Task requirements » All lines in the records below from the line with "Poszukujesz skutecznej ochrony" through the line with "я впускаю тебя" are to be given again exactly, both ends included; the pictures are to be left out.

Given records »

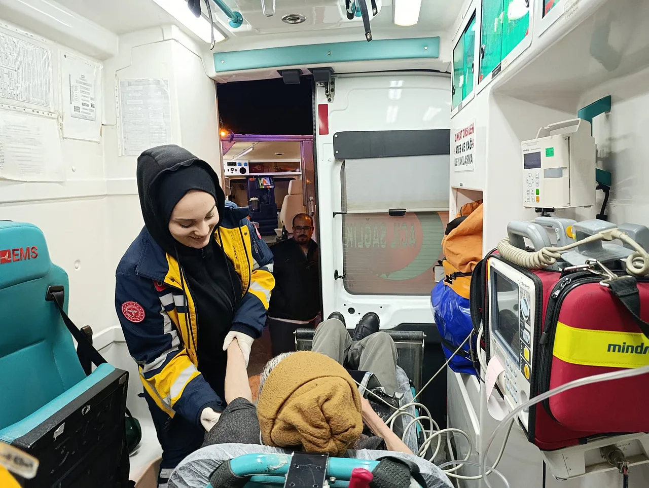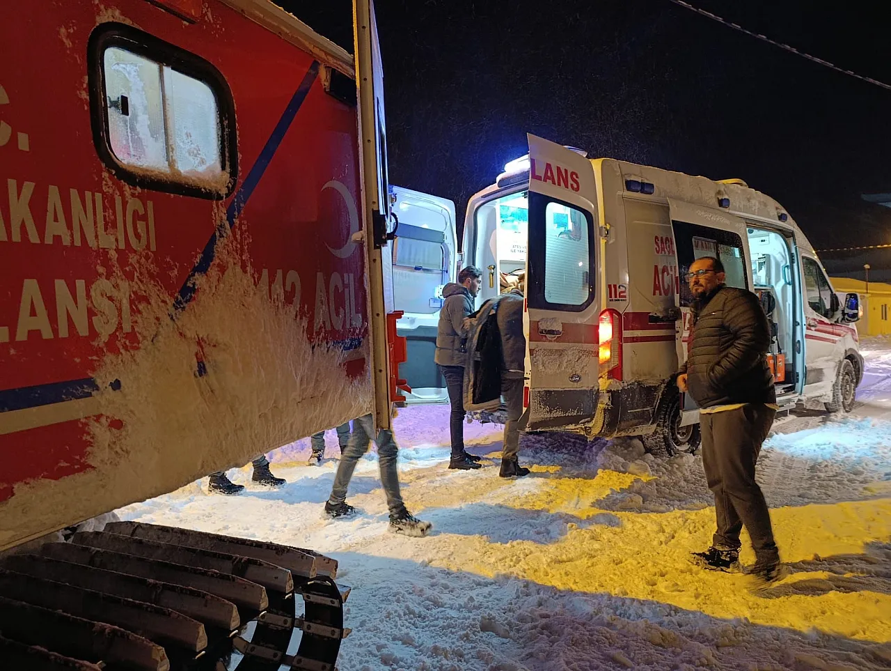 Yoğun kar ve tipiye rağmen Karataş köyüne ulaşan ekipler, rahatsızlanan 61 yaşındaki Menşur Gürses'e ilk müdahaleyi yaptı ve hastayı güvenli şekilde hastaneye sevk etti.
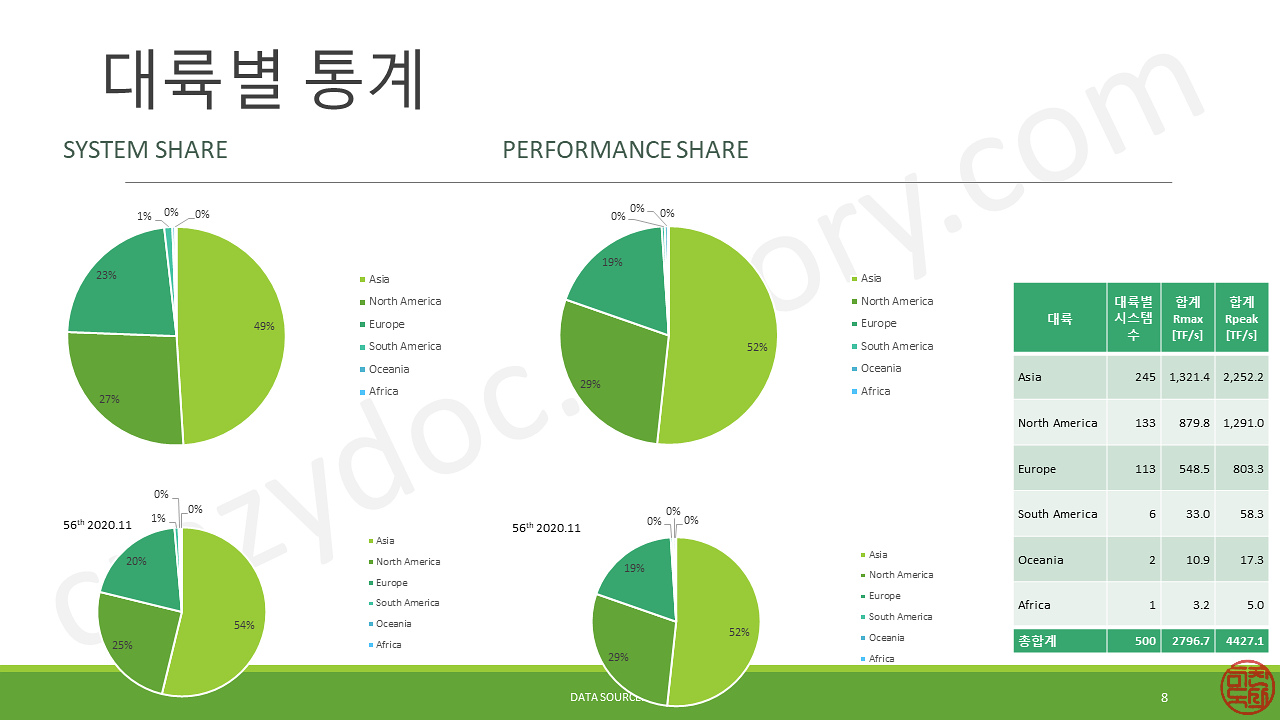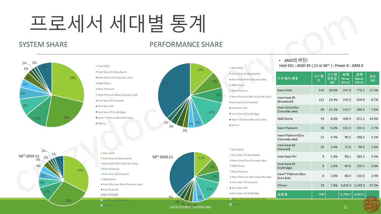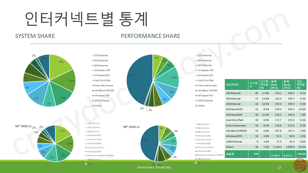 이제부터는 각종 통계 자료를 만들어 보았습니다. 기본적으로 TOP500 리스트를 기반으로 재구성한 것입니다.
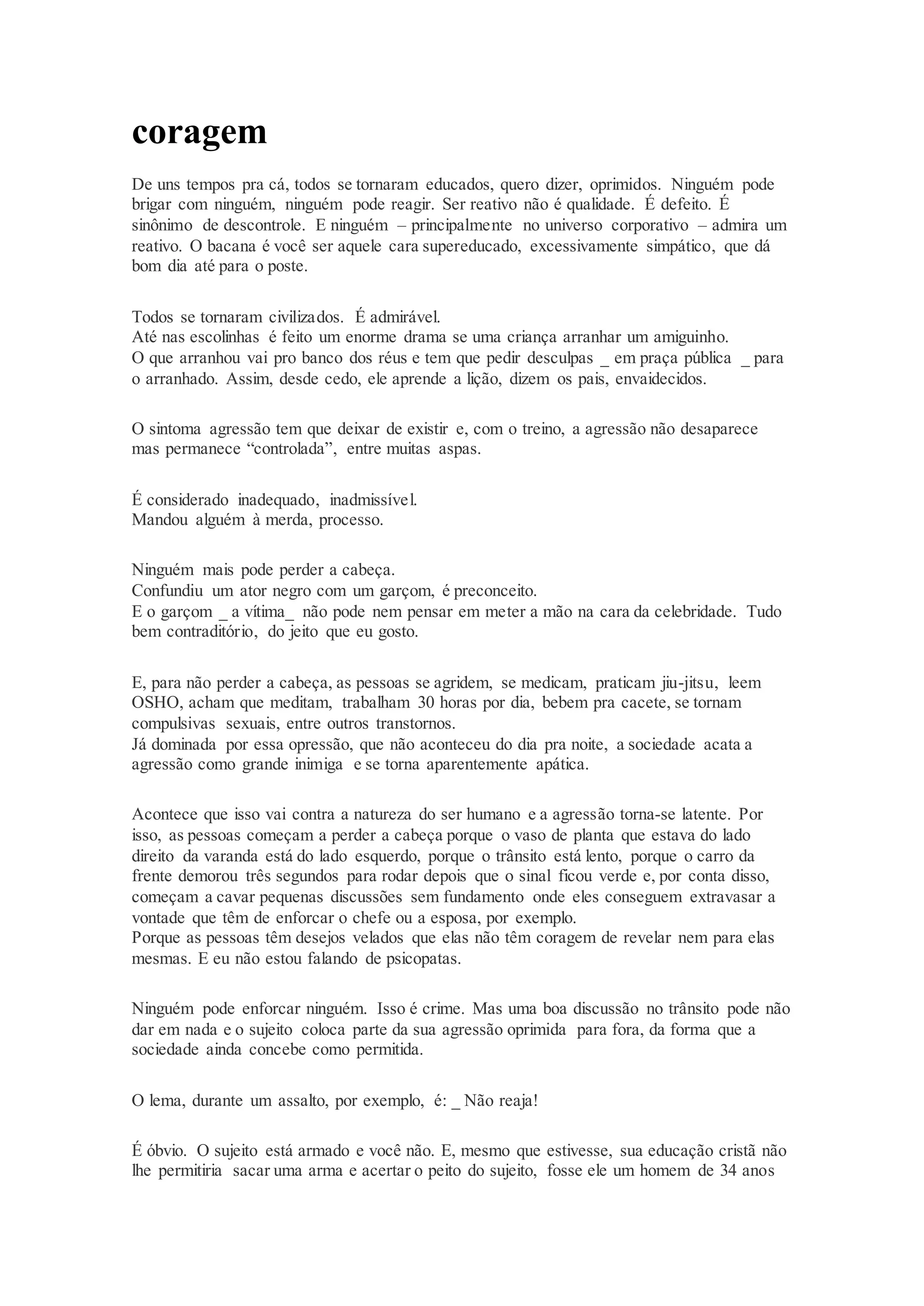 O documento critica a opressão social que desestimula a reação e a agressividade, levando as pessoas a reprimir seus instintos naturais. Essa repressão resulta em comportamentos compulsivos e explosões de raiva em situações cotidianas banais. Apesar de uma fachada de civilidade, a sociedade esconde um potencial agressivo que se manifesta de maneiras insustentáveis.
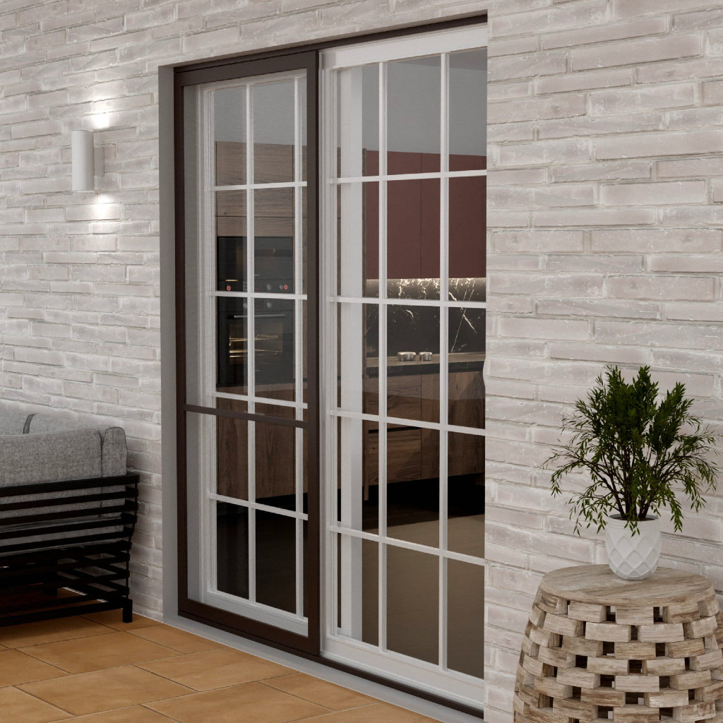 Poszukujesz skutecznej ochrony przed owadami do drzwi przesuwnych? Przedstawiamy Ci naszą moskitierę drzwiową z systemem przesuwania na szynach w kolorze złotego dębu. To idealne rozwiązanie do drzwi balkonowych i tarasowych wykonanych w ciemnym odcieniu drewna. Prowadnice zapewniają komfort użytkowania, a możliwość personalizacji gwarantuje idealne dopasowanie do Twojego okna.
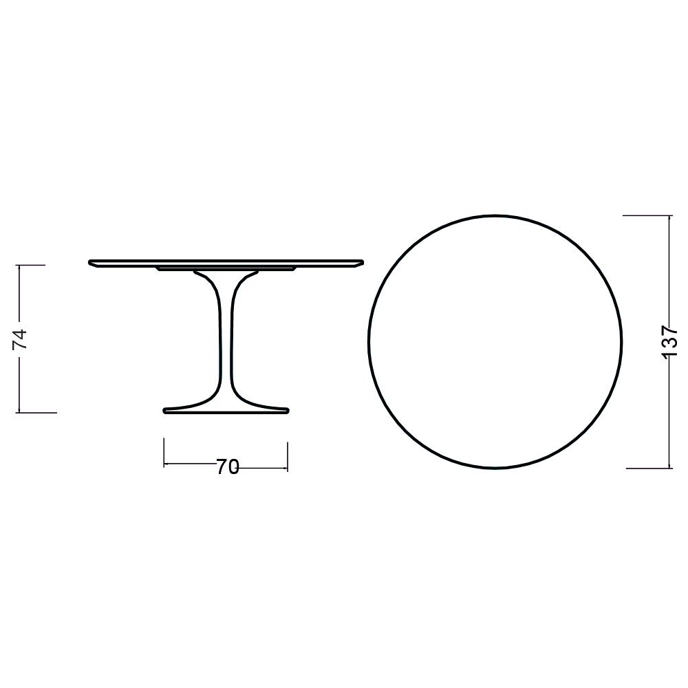 - Diámetro tablero 137 x altura 74 cm / Diámetro base 70 cm
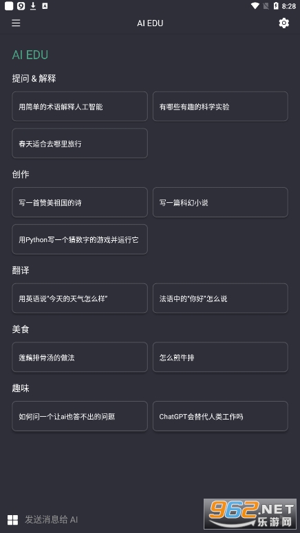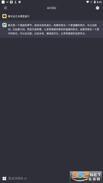 AI EDU它是一款基于外部API开发的一款AI应用,可以提问、聊天,可以写文章、写段子,只需要在下方输入想要写的文章内容,点击发送,等待之后内容就可以生成。
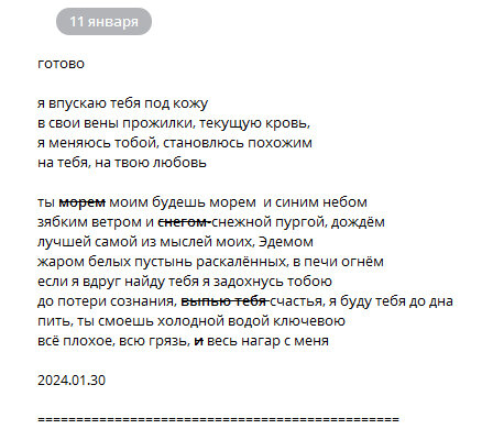 я впускаю тебя под кожу в свои вены прожилки, текущую кровь, я меняюсь тобой, становлюсь похожим на тебя, на твою любовь будешь морем моим ты и синим небом зябким ветром и снежной пургой, дождём лучшей самой из мыслей моих, Эдемом жаром белых пустынь раскалённых, костра огнём если я вдруг найду тебя я задохнусь тобою до потери сознания, счастья, я буду тебя до дна пить, ты смоешь холодной водой ключевою всё плохое, всю грязь, весь нагар с меня
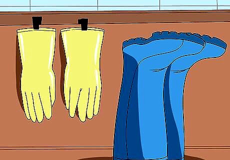 Dry out your rubber gloves and boots when you're not using them. If you wear rubber gloves to do household chores or for your job, make sure to remove them and hang them up to dry out after each use. After wearing rubber boots, remove them and set them on the ground with the open ends up to air out. Gloves and boots may take 8 hours or longer to dry out completely. If your rubber gloves or boots are damaged and water leaks in, replace them as soon as possible.

Solution below »
 Poszukujesz skutecznej ochrony przed owadami do drzwi przesuwnych? Przedstawiamy Ci naszą moskitierę drzwiową z systemem przesuwania na szynach w kolorze złotego dębu. To idealne rozwiązanie do drzwi balkonowych i tarasowych wykonanych w ciemnym odcieniu drewna. Prowadnice zapewniają komfort użytkowania, a możliwość personalizacji gwarantuje idealne dopasowanie do Twojego okna.
 - Diámetro tablero 137 x altura 74 cm / Diámetro base 70 cm
 AI EDU它是一款基于外部API开发的一款AI应用,可以提问、聊天,可以写文章、写段子,只需要在下方输入想要写的文章内容,点击发送,等待之后内容就可以生成。
 я впускаю тебя под кожу в свои вены прожилки, текущую кровь, я меняюсь тобой, становлюсь похожим на тебя, на твою любовь будешь морем моим ты и синим небом зябким ветром и снежной пургой, дождём лучшей самой из мыслей моих, Эдемом жаром белых пустынь раскалённых, костра огнём если я вдруг найду тебя я задохнусь тобою до потери сознания, счастья, я буду тебя до дна пить, ты смоешь холодной водой ключевою всё плохое, всю грязь, весь нагар с меня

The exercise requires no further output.